The investigation in the UK into the collapse of Carillion Plc by a House of Commons select committee provides rare public access to the restructuring plan for a large company. Would the plan meet the requirements of Australia’s Safe Harbour regime?
The Collapse of Carillion
Carillion was a UK-headquartered construction company with worldwide operations employing 43,000 staff. It was placed into liquidation on 15 January 2018 following the UK government’s refusal to provide emergency funding,
With only £29 million in cash and creditors of more than £4.6 billion the position was so dire that – according to the select committee report – the company was forced into liquidation because it could not find a administrator prepared to take on the job in light of uncertainty about whether there was enough money to cover their costs.
Investigations into the conduct of the directors and auditors by the Insolvency Service, Financial Reporting Council, Financial Conduct Authority, and the Pensions Regulator are underway. In addition, the House of Commons Work and Pensions Committee launched an inquiry within a fortnight of the collapse.
As discussed here, the 16 May committee report (available here) is scathing in its criticism of directors, auditors, and regulators. The Inquiry has also made public a large number of documents which would not ordinarily be available – most notably including the 100 page turnaround plan.
Australia’s Safe Harbour regime
Australia’s severe insolvent trading laws make company directors personally liable for debts incurred when a company is insolvent.
By comparison the UK’s ‘wrongful trading’ regime imposes liability if directors ‘knew, or ought to have concluded that there was no reasonable prospect of avoiding insolvent liquidation’ and did not take ‘every step with a view to minimising the potential loss to the company’s creditors.’

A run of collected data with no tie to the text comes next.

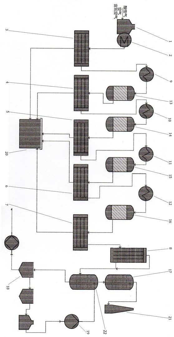 1.一种中低浓度酸性气的硫磺回收工艺,用于处理含H2S20-50v%的酸性气,主要设备沿酸性气流向包括依次串接的燃烧炉、一级克劳斯反应器、二级克劳斯反应器、选择性加氢还原反应器、选择性氧化反应器、循环吸收单元;燃烧炉附带废热锅炉,克劳斯反应器、选择性加氢还原反应器、选择性氧化反应器前后分别设置第一至第五冷凝器,和第一至第四加热器;第一至第五冷凝器分别将过程气中的气态硫冷凝为液硫,液硫流入液体硫磺槽储存;第一至第四加热器分别将从第一至第四冷凝器顶部出来的过程气加热到所需温度再进入相应反应器;其中,一级克劳斯反应器上部装填Fe2O3/Al2O3脱氧保护型硫磺回收催化剂,下部装填TiO2基硫磺回收催化剂或纯TiO2硫磺回收催化剂;所述脱氧保护型硫磺回收催化剂除了具有克劳斯反应活性,还将过程气中的O2通过与H2S反应生成单质硫而除掉;所述TiO2基硫磺回收催化剂或纯TiO2硫磺回收催化剂除了具有克劳斯反应活性,还将过程气中的COS、CS2接近于全部转化为单质硫或H2S,COS、CS2总含量≤10mg/m3;二级克劳斯反应器装填硫磺回收催化剂,在低于一级克劳斯反应温度的条件下,进行进一步的克劳斯反应转化,所述硫磺回收催化剂为TiO2基硫磺回收催化剂、TiO2/Al2O3硫磺回收催化剂以及Al2O3硫磺回收催化剂中的一种或两种;该二级克劳斯反应器出口过程气中H2S+SO2的含量≤1.5v%;选择性加氢还原反应器装填CoO-MoO3/Al2O3或CoO-MoO3/ TiO2-Al2O3选择性还原SO2催化剂,利用燃烧炉中生成的H2将SO2接近于全部还原,主要产物为单质硫;选择性氧化反应器装填选择性氧化H2S催化剂,利用该反应器入口前通过引入空气补入的O2将H2S选择性氧化为单质硫,副产物为SO2;该选择性氧化反应器出口过程气中H2S含量≤500mg/m3,SO2含量≤1000mg/m3;所述选择性氧化H2S催化剂以SiO2 为载体,Fe2O3 3-10m%,CaO 0-3m%,Cr2O30-5m%;催化剂平均孔直径30nm以上,表面积40-60m2/g、孔体积0.5-0.6ml/g;循环吸收单元包括串接的吸收液塔和吸附剂塔,其中吸收液塔通过循环吸收液主要吸收处理SO2,并转化为亚硫酸盐、硫酸盐,吸附剂塔通过装填的吸附脱硫剂床层主要将H2S吸附、氧化为单质硫而脱除;吸收液塔内设置供过程气、循环吸收液分布和接触的填料和/或喷淋、雾化部件,循环吸收液的pH5-10,操作温度20-50℃,主要水量来源为过程气所含蒸汽的冷凝水,循环吸收液维持正常运行外的富余液送往污水装置处理,或送往燃煤锅炉烟气湿法脱硫单元处理并作为补充水源,或送往燃煤锅炉作为煤炭淋水,循环吸收液为含碱液和/或含钙液,其中含碱液为通过补充氢氧化钠、碳酸钠或碳酸氢钠维持吸收能力的含亚硫酸钠和/或硫酸钠溶液,含钙液为通过补充氧化钙、氢氧化钙、超细碳酸钙维持吸收能力的含亚硫酸钙和/或硫酸钙浆液;循环吸收单元采用含钙液时,在吸收塔过程气入口设置第六冷凝器,过程气先经第六冷凝器冷却至20-50℃,将部分蒸汽冷凝成水、所含硫磺雾滴、粉粒捕集形成含硫磺粉的料液,料液分离硫磺粉浆后再进吸收塔或其附属的循环吸收液储罐并配加氧化钙、氢氧化钙、超细碳酸钙进行循环吸收;所述硫磺回收工艺包括如下步骤:1)酸性气与所需量空气和/或富氧空气混合后进入燃烧炉进行燃烧,燃烧炉的温度控制在1050-1300℃,燃烧后产生的过程气进入废热锅炉后冷却到260-350℃,过程气从废热锅炉出口进入第一冷凝冷却器冷却到140-170℃,在燃烧炉中生成的单质硫冷凝后与过程气分离进入液体硫磺槽;2)从第一冷凝器顶部出来的过程气加热到所需温度210-250℃,进入一级克劳斯反应器进行克劳斯反应及COS、CS2的水解;控制该反应器入口气的温度使反应器中催化剂床层下部达到COS、CS2充分水解的温度,其中TiO2基硫磺回收催化剂时为320-350℃,纯TiO2硫磺回收催化剂时为300-350℃;出口过程气进入第二冷凝器冷却到130-160℃,使生成的单质硫与过程气分离后进入液体硫磺槽;3)从第二冷凝器顶部出来的过程气加热到210-230℃后进入二级克劳斯反应器进行克劳斯反应进一步生成单质硫,出口过程气进入第三冷凝器冷却到130-160℃,使生成的单质硫与过程气分离后进入液体硫磺槽;4)从第三冷凝器顶部出来的过程气加热到200-220℃,进入选择性还原反应器;从选择性还原反应器出来的过程气进入第四冷凝器冷却到130-150℃,生成的单质硫与过程气分离后进入液体硫磺槽;5)从第四冷凝器顶部出来的过程气补入所需量空气并混匀后,加热到190-210℃后进入选择性氧化反应器;从选择性氧化反应器出来的过程气进入第五冷凝器冷却到120-140℃,生成的单质硫与过程气分离后进入液体硫磺槽,过程气经可选的液硫捕集器捕集硫雾并流入液态硫磺槽后,进循环吸收单元处理;6)从第五冷凝器顶部或液硫捕集器出来的过程气,进循环吸收单元处理后经烟囱排空;其中循环吸收液采用含碱液时,过程气的降温、部分蒸汽冷凝成水、所含硫磺雾滴、粉粒及SO2、H2S的捕集,都由含碱液的循环喷淋或雾化吸收实现,碱液由循环冷却水控制温度,碱液循环过程中分离硫磺粉浆,或富余液在送往污水装置处理或送往燃煤锅炉烟气湿法脱硫单元处理前分离硫磺粉浆;其中循环吸收单元采用含钙液时,过程气先经所设置的第六冷凝器冷却至20-50℃,所得含硫磺粉的蒸汽冷凝液分离硫磺粉浆后进循环吸收塔。2.权利要求1所述酸性气的硫磺回收工艺,其特征在于,所述一级克劳斯反应器、二
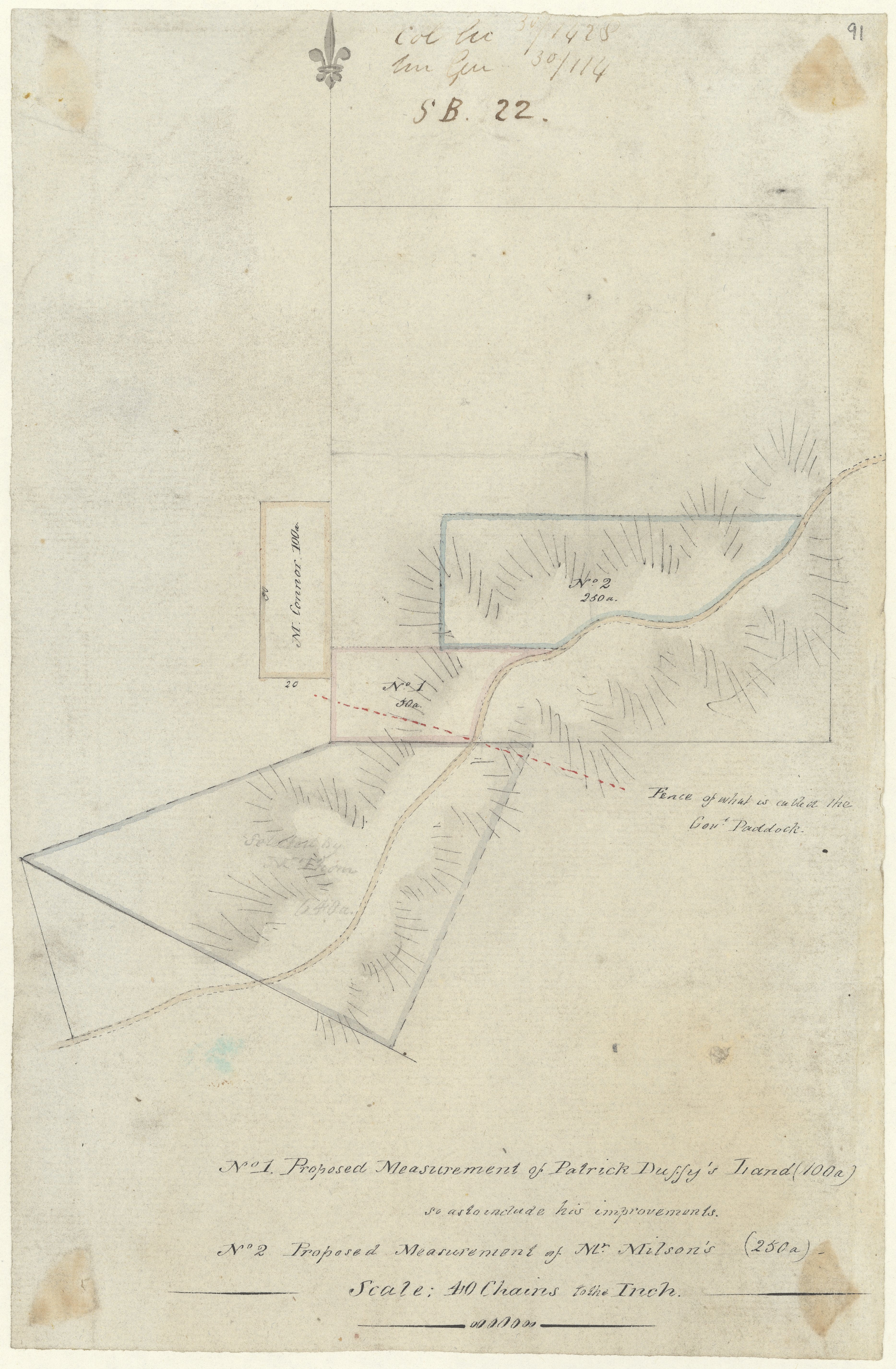 Cumberland Colah South - No. [Number]1 Proposed measurement of Patrick Duffy's land (100a [acres]). No.[Number] 2 proposed measurement of Mr Milson's (250ac [acres]). [Sketch book 1 folio 22]. Courtesy NSW Records and Archives, Item; FL208183
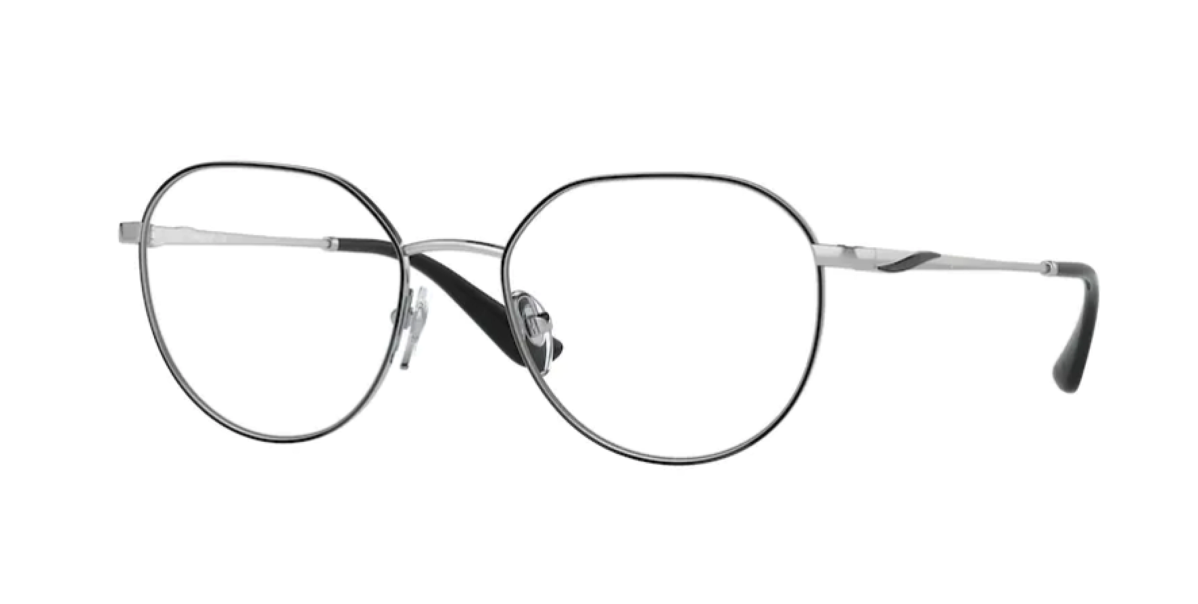 Tyto dámské dioptrické brýle značky Vogue jsou vyrobeny v celorámové, vícehranné, nepravidelné verzi. Designové rámy jsou kovové v okouzlující černé, stříbrné barvě.
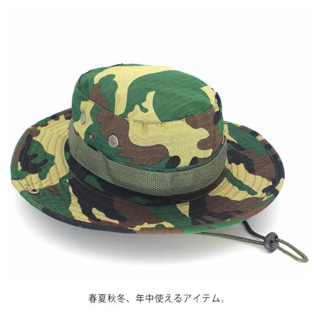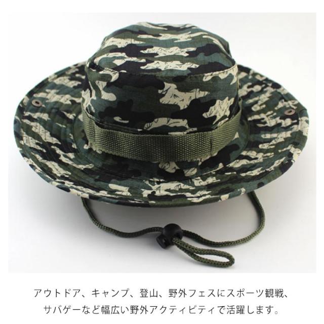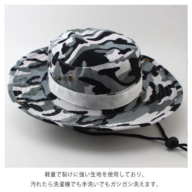 | 2wayアレンジを楽しめるサファリハット サイドのスナップボタンをつけてテンガロンハットに。 夏の熱中症対策、紫外線予防に。 春夏秋冬、年中使えるアイテム。 バリエーションは迷彩柄と無地をご用意。 軽量で裂けに強い生地を使用しており、汚れたら洗濯機でも手洗いでもガシガシ洗えます。 コンパクトに丸めてポケットに収納できたり、通気孔がついていたりと利便性も◎ アウトドア、キャンプ、登山、野外フェスにスポーツ観戦、サバゲーなど幅広い野外アクティビティで活躍します。 | |
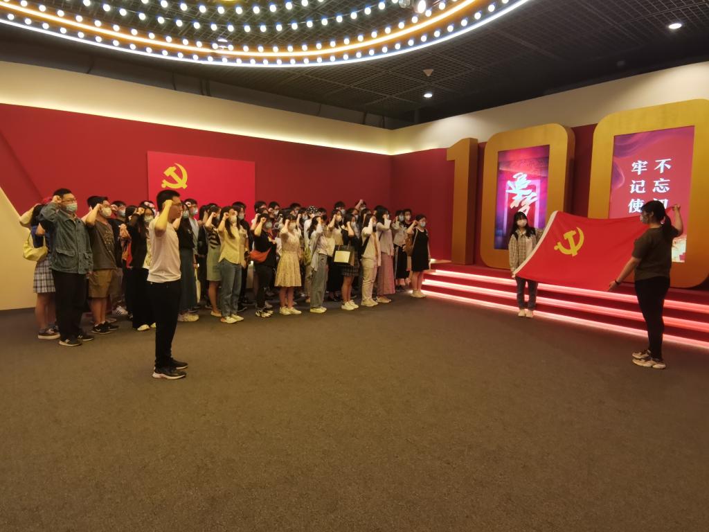 参观结束后,预备党员们在庄重肃穆的展览大厅集合,举行入党宣誓仪式。伴随激昂雄浑的《国际歌》伴奏,50名预备党员庄严肃立,齐唱《国际歌》。随后,全体预备党员面向党旗,郑重宣誓:“我志愿加入中国共产党,拥护党的纲领,遵守党的章程,履行党员义务,执行党的决定,严守党的纪律,保守党的秘密,对党忠诚,积极工作,为共产主义奋斗终身,随时准备为党和人民牺牲一切,永不叛党。”

The Australian Safe Harbour regime provides company directors with protection against insolvent trading claims but only if their conduct and actions, and the conduct of the company, meet minimum standards.
Would the Carillion plan meet the Australian Safe Harbour requirements?
The plan does articulate an appropriate objective that is clearly a better outcome than liquidation, and it does identify the use of a big 4 accounting firm as an appropriately qualified adviser.
However the plan is silent about any steps the directors had taken to conclude that they are properly informed about the financial position of the company, or that they proposed to take to stay informed. The document identifies a number of actions that have been taken, but it doesn’t really set out a future action plan, identify those responsible for each action, or set milestone dates.
Those omissions may not be fatal – perhaps there were other documents that provide appropriate detail. The biggest difficulty that the directors would have in meeting the Australian criteria is that the forecasts in the plan exclude employee pension contributions from the company budgets, and paying employee entitlements ‘as they fall due’ is a key requirement of the Australian regime.
Too little, too late
Of course the Carillion turnaround plan was never designed to meet the Australian requirements, so it’s not a huge surprise that it doesn’t. But nonetheless, that ‘failure’ highlights that it is essential for directors seeking to access safe harbour to ensure that they have a plan that is fit for that purpose.
In the case of Carillion, history shows that the plan was too little, too late: the company was in liquidation within a fortnight of the plan being finalised.